Studio album by The Floacist
- Released: November 13, 2012
- Recorded: 2012
- Genre: neo soul, spoken word
- Length: 36:42
- Label: Shanachie Entertainment;
- Producer: Natalie Stewart, Nolan Weekes, Danny Weiss

The Floacist chronology
| Floetic Soul (2010) | Floetry Re:Birth (2012) | Rise of the Phoenix Mermaid (2014) |

Singles from Floetry Re:Birth
- "Say Yes" Released: 22 August 2012;

= Floetry Re:Birth =

Floetry Re:Birth is the second studio album by English singer-songwriter and performance poet The Floacist. It was released on 13 November 2012, by Shanachie Records.

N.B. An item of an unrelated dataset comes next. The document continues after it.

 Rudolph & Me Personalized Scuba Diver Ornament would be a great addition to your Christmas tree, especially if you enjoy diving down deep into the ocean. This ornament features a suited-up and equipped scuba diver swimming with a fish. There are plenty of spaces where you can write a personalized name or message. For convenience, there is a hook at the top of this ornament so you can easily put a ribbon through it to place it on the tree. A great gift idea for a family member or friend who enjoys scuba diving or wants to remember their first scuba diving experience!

==Recording and production==
The recording of the album began in early 2012. Stewart remarked that this was her first album with full creative control. She recorded the entire album in her own studio Free Sum Music Studios in the United Kingdom, while the songs were mixed and mastered at Bass Hit Studios in New York City. Stewart co-wrote all of the material on Floetry Re:Birth. The album saw the return of then-husband and music producer Nolan Weekes, who produced every song on the album. Michael "Remmi" Weekes also returned and co-produced "Speechless".

==Title and artwork==

This year [2012] celebrates the 10 year anniversary of when we released the first Floetry album, our introduction to the world if you’d like. So this album is created as a means to celebrate the journey and some of the challenges that came and overcoming those challenges and moving forward strongly.
— —The Floacist (YouKnowIGotSoul interview)

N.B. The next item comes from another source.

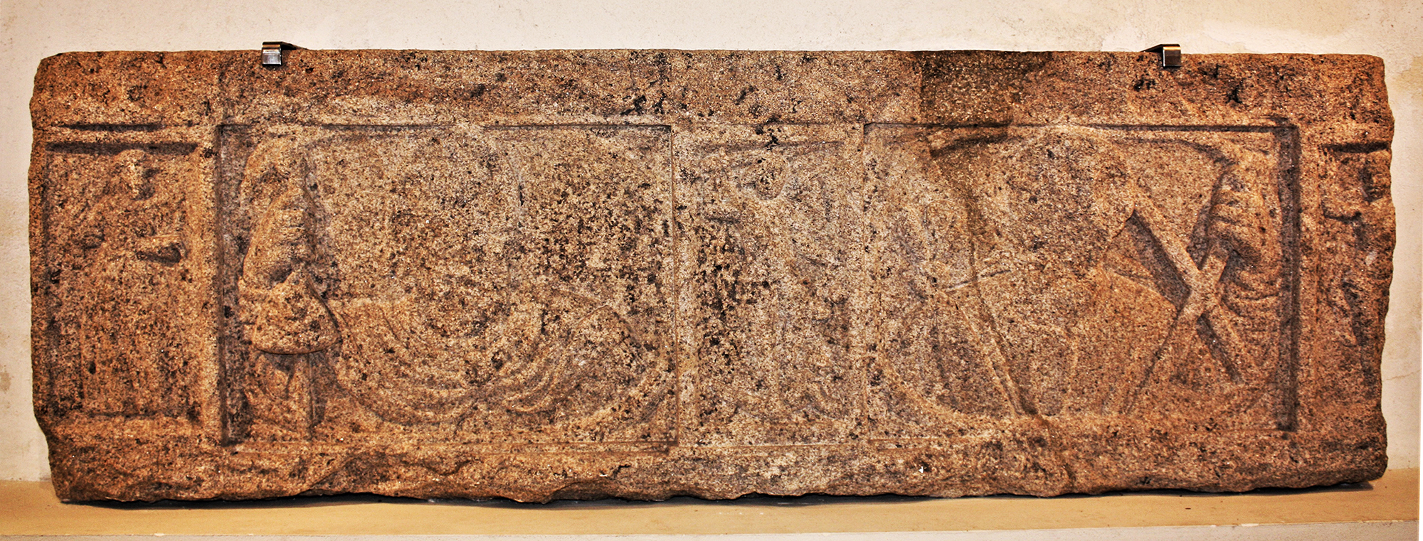 | Bajo relieve con los bustos de Santiago y san Andrés. |

The album was titled Floetry Re:Birth to celebrate the tenth anniversary since the release of Floetic, the first album released by Floetry on 1 October 2002. In a radio interview with WBUR-FM, Stewart stated, "The album is really embracing and appreciating your past in order to, you know, strengthen your foundation in your present, in order to have a positive effect on your future."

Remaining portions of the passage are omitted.